I will say that I'm very impressed about your results.  It took me 23 hours alone to do the first pass of the ncees sample exam and an additional 35 hours to do the first pass of the MSM 6MS.   Although I only fit one of your four criteria (traditionally a good test taker...but that was 12 years prior).   I had 275 prep hours in total.   If I would have cut out the grueling MERM companion problems, it would have saved me 115 hours.   But I know for a fact that I wouldn't have been able to do at least 8 problems on the exam without running thru the MERM companion.  

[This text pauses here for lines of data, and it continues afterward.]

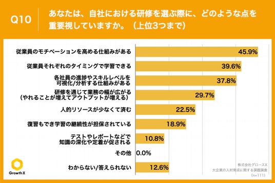 Q6で「研修は一切行っていない/答えられない」以外を回答した方に、「Q10.あなたは、自社における研修を選ぶ際に、どのような点を重要視していますか。(上位3つまで)」(n=111)と質問したところ、「従業員のモチベーションを高める仕組みがある」が45.9%、「従業員それぞれのタイミングで学習できる」が39.6%、「各社員の進捗やスキルレベルを可視化/分析する仕組みがある」が37.8%という回答となりました。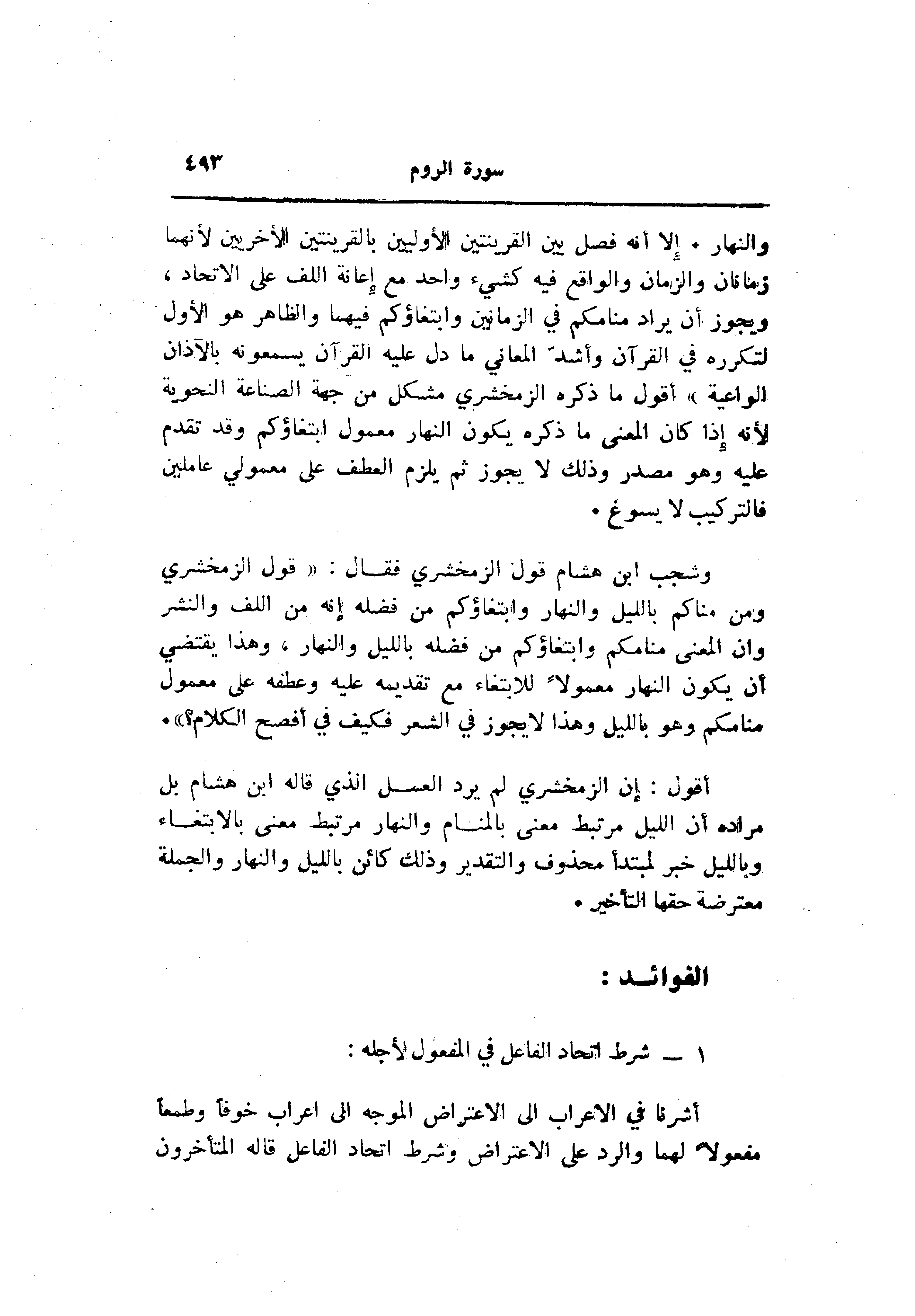 وشجب ابن هشام قول الزمخشري فقال: «قول الزمخشري ومن مناكم بالليل والنهار وابتغاؤكم من فضله إنه من اللف والنشر وان المعنى منامكم وابتغاؤكم من فضله بالليل والنهار، وهذا يقتضي أن يكون النهار معمولا للابتغاء مع تقديمه عليه وعطفه على معمول منامكم وهو بالليل وهذا لا يجوز في الشعر فكيف في أفصح الكلام؟» .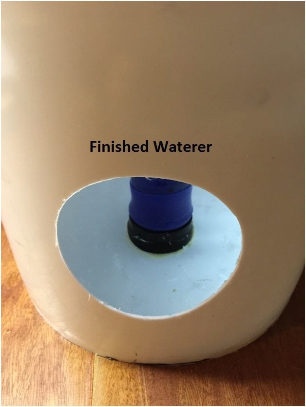 Plastic 5 gallon Water Bottle with Horizontal Nipples on Cookie Tin Heater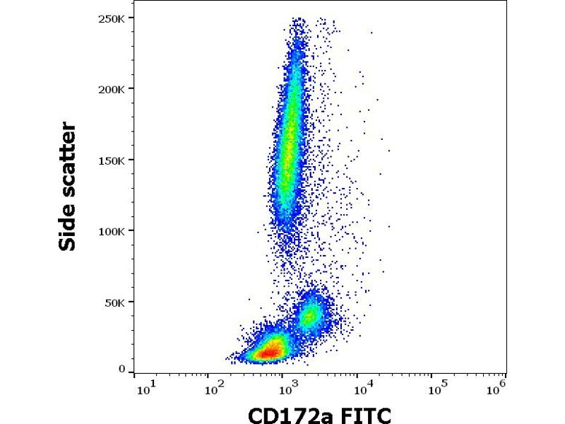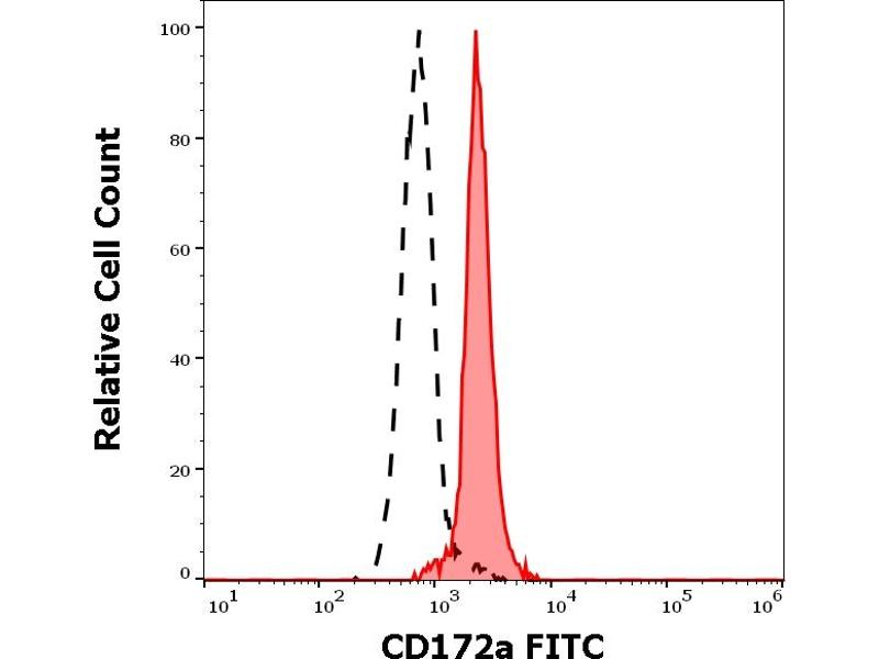 The mouse monoclonal antibody 15-414 recognizes en extracellular epitope of CD172a (SIRP alpha), an approximately 90 kDa transmembrane glycoprotein expressed on cells of myeloid origin and neurons.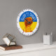 Show your support for Ukraine with this awesome wall clock featuring round cutout of Ukraine's flag with flaming fist and "Glory to Ukraine", one of the country's most popular slogans, in curved text.
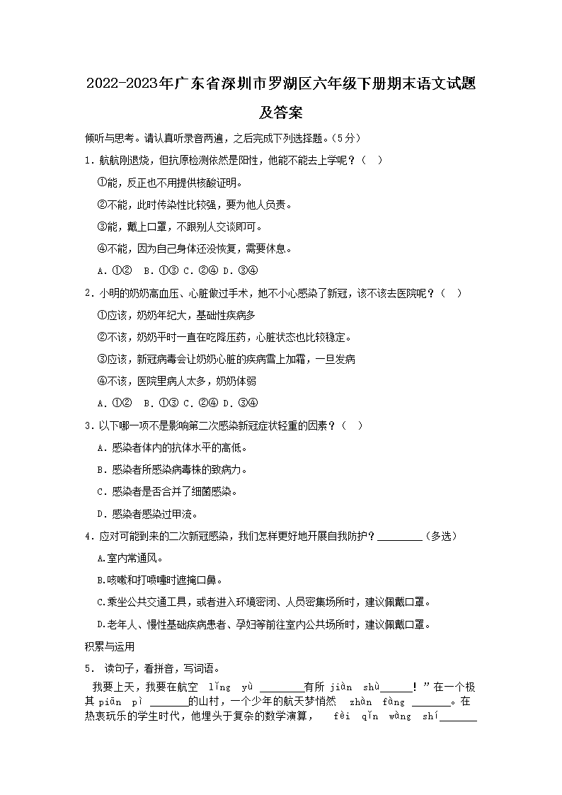 - 2023-2024年廣東省深圳市羅湖區(qū)六年級下冊5月語文試卷及答案
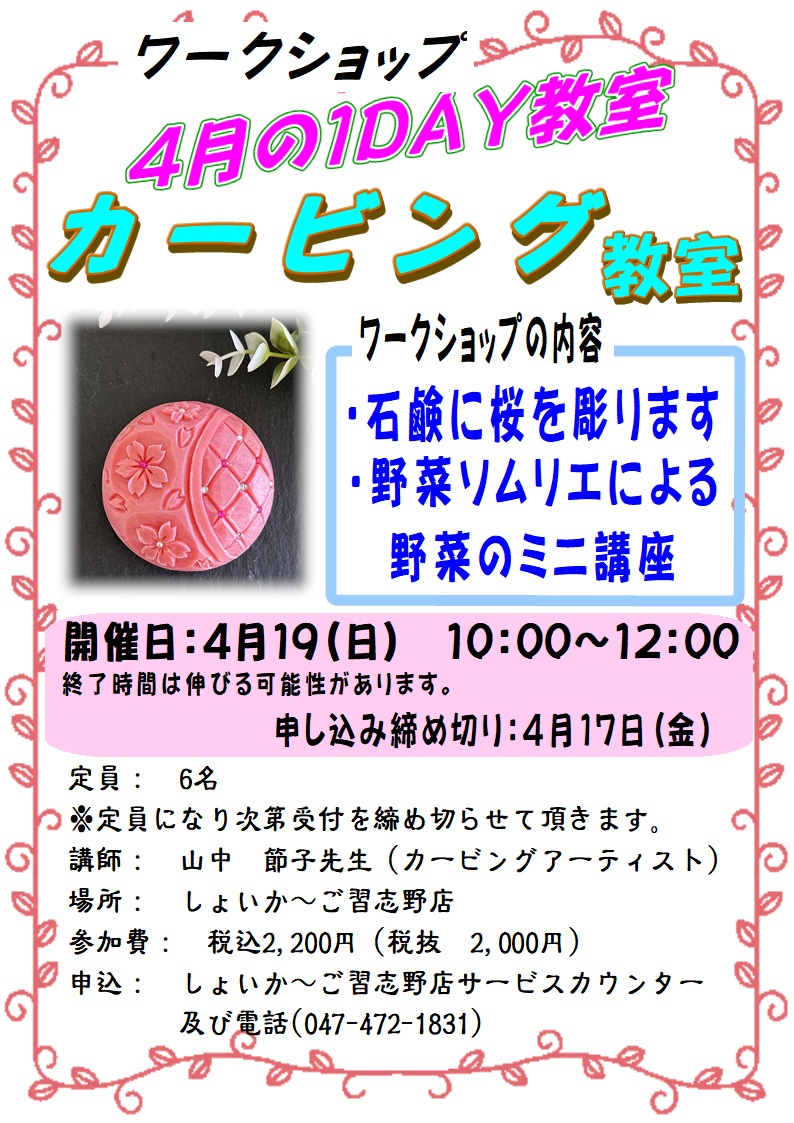 4/19(日)1DAYワークショップ :カービング 「石鹸カービング」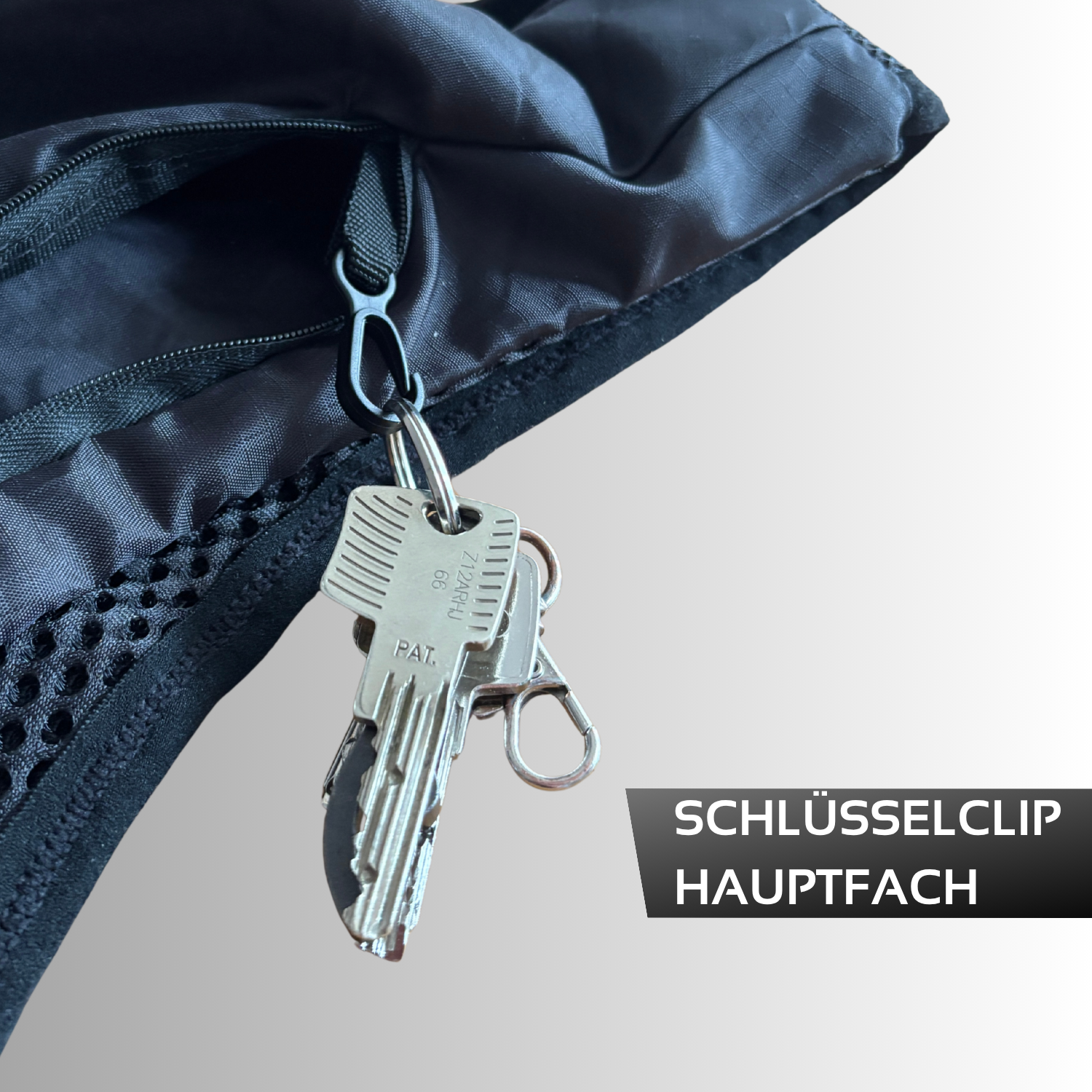 - Schlüsselclip im Hauptfach

Looking back, I think I over-studied but the exam itself was still a challenge.  But remember, it's only about 12 weeks.  That is less than a semester in college.   I thought of it this way;  I planned far in advance to devote 3 months for this exam.  I did 'put off the test' as a result, but I knew what I was getting into (thanks to this forum).   My immediate family was involved and on board with the plan which left the only major uncontrollable variables being work and health.  Thankfully health wasn't an issue so that left the day-to-day struggles from work.  In all, it was rough at times but fully doable.  And before you know it, the exam day comes and goes.   As another member here who studied at the same time as I said to me recently; for this exam, "hard work always pays off"


----------



## DETLTU (Jul 26, 2016)

I agree with what both of you have said.  Hearing people say they failed after studying for 200-300 hours seemed pretty discouraging.  

I probably studied 150 hours and felt before the test that I could have studied more/done things differently.  After I took the test I decided the things I wanted to do differently probably wouldn't have helped that much.  Then I found out I passed.  

How you use the XXX hours is more important then the direct number of hours.  My tips for maximizing the quality of study:

1. Be organized-  Mostly focuses on the MERM.  There are some good guides here on the boards for tabbing the MERM.  I color coded the different subjects and I think that was helpful.  I also tried to make sure any time I referenced something in the MERM during practice, I had a tab for the material referenced (also applies to other reference books).  There are things in the MERM that seem important that you probably won't use.  Reading the MERM cover to cover will increase your total number of hours studied by a lot but for me it would be of marginal value. 

2. Work problems-  Lots of problems. Don't pooh pooh the Mechanical FE problems either.  Many of them will be easier than the PE problems, but particularly early on in the process they can serve as a good concept review (although the easier problems and SI units can certainly make these less valuable to some people).  FE problems are better than just reading review material IMO.    I started off wanting to keep a log of all the problems I worked in the different subjects, but it became too tedious.  I think the number of unique problems that you work probably has a bigger impact on chance of passing than number of hours studied.  Also don't get to hung up on a problem you don't know.  If you can't solve it in 10 minutes, look up the solution and try to understand it.  Take some timed practice tests though to see how you are doing when you can't immediately jump to the solutions.  Analyze the ones you missed or skipped afterwards though.  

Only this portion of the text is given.